ASSIGNED TASK> Copy the data that follows exactly as it is, excluding all pictures.

GIVEN INFORMATION>
'''
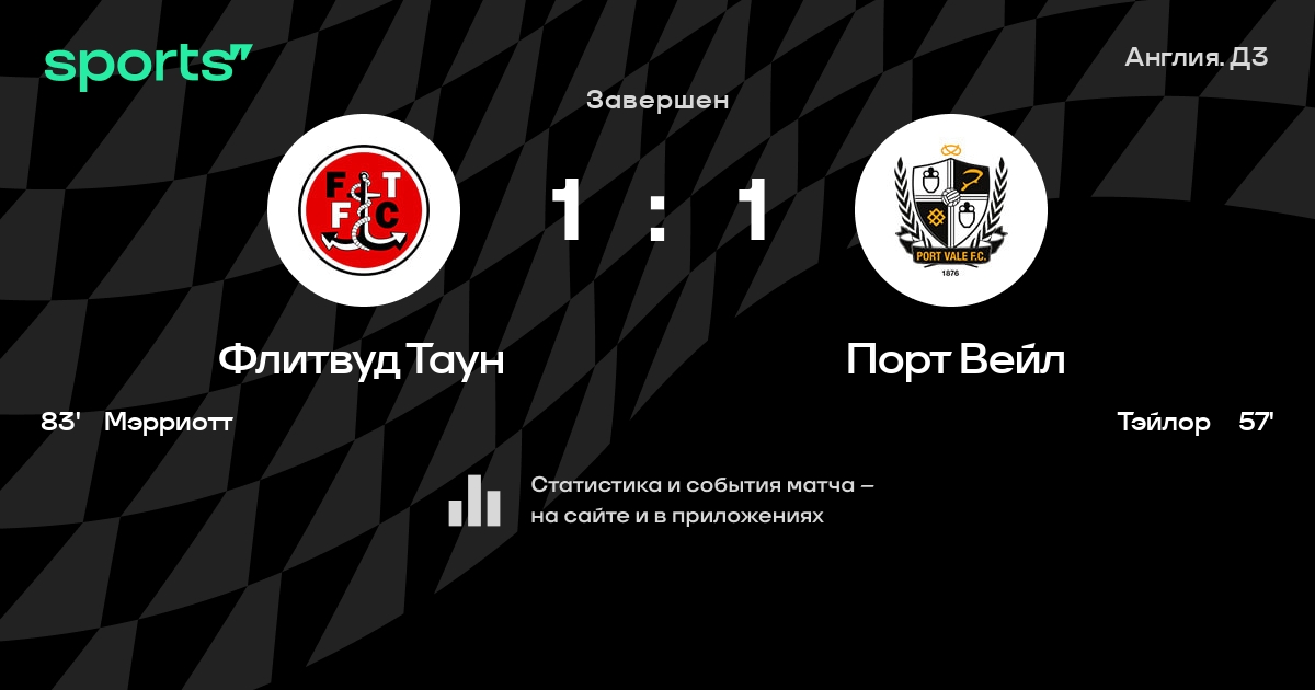 Флитвуд Таун – Порт Вейл: Порт Вейл не проигрывает в 5 последних матчах против этого соперника в турнире «Лига 1»
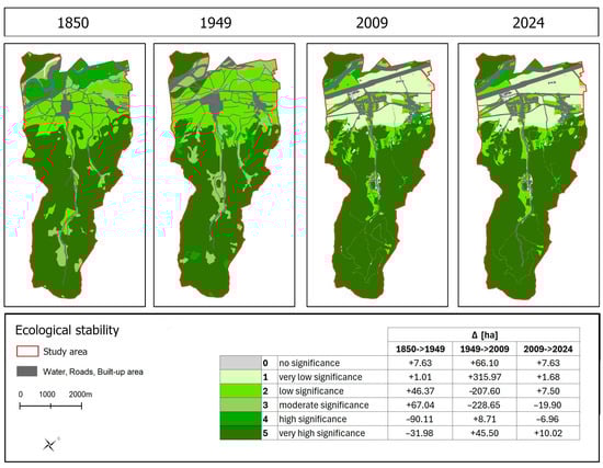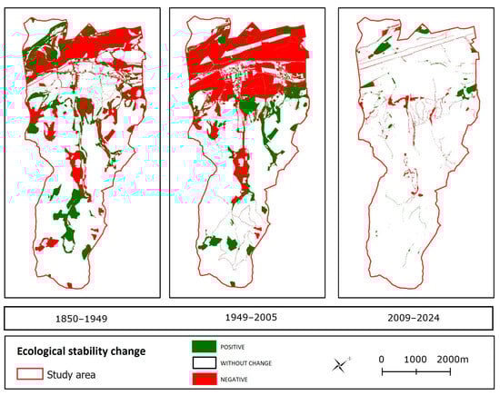 Figure 7 graphically illustrates changes in ecological stability over time horizons. The table (Table 3) shows the percentage of change in ecological stability between three time periods: 1850–1949, 1949–2009, and 2009–2024. The data is categorised into three types of changes—positive, negative, and without change—with the 2009–2024 period showing only minor changes due to its short duration and the limited ecological impact of the land consolidation carried out in the area.
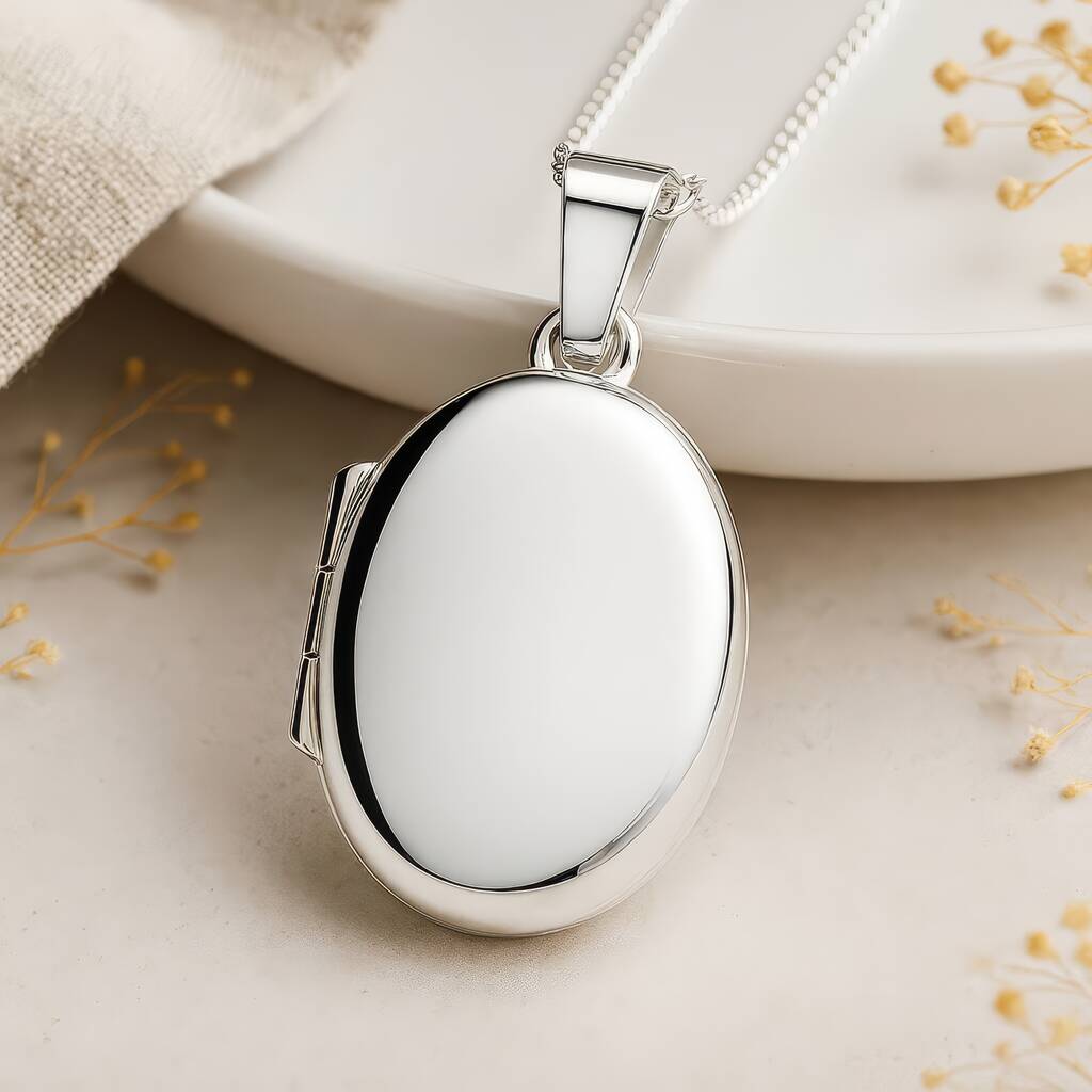The locket opens to hold two small photos or keepsakes, allowing you to carry loved ones close to your heart. To make it truly personal, the back can be engraved with a name, initials, date, or short message — creating a unique piece of jewellery to be cherished for years to come.
'''
TASK SOLUTION>
 Флитвуд Таун – Порт Вейл: Порт Вейл не проигрывает в 5 последних матчах против этого соперника в турнире «Лига 1»
 Figure 7 graphically illustrates changes in ecological stability over time horizons. The table (Table 3) shows the percentage of change in ecological stability between three time periods: 1850–1949, 1949–2009, and 2009–2024. The data is categorised into three types of changes—positive, negative, and without change—with the 2009–2024 period showing only minor changes due to its short duration and the limited ecological impact of the land consolidation carried out in the area.
The locket opens to hold two small photos or keepsakes, allowing you to carry loved ones close to your heart. To make it truly personal, the back can be engraved with a name, initials, date, or short message — creating a unique piece of jewellery to be cherished for years to come.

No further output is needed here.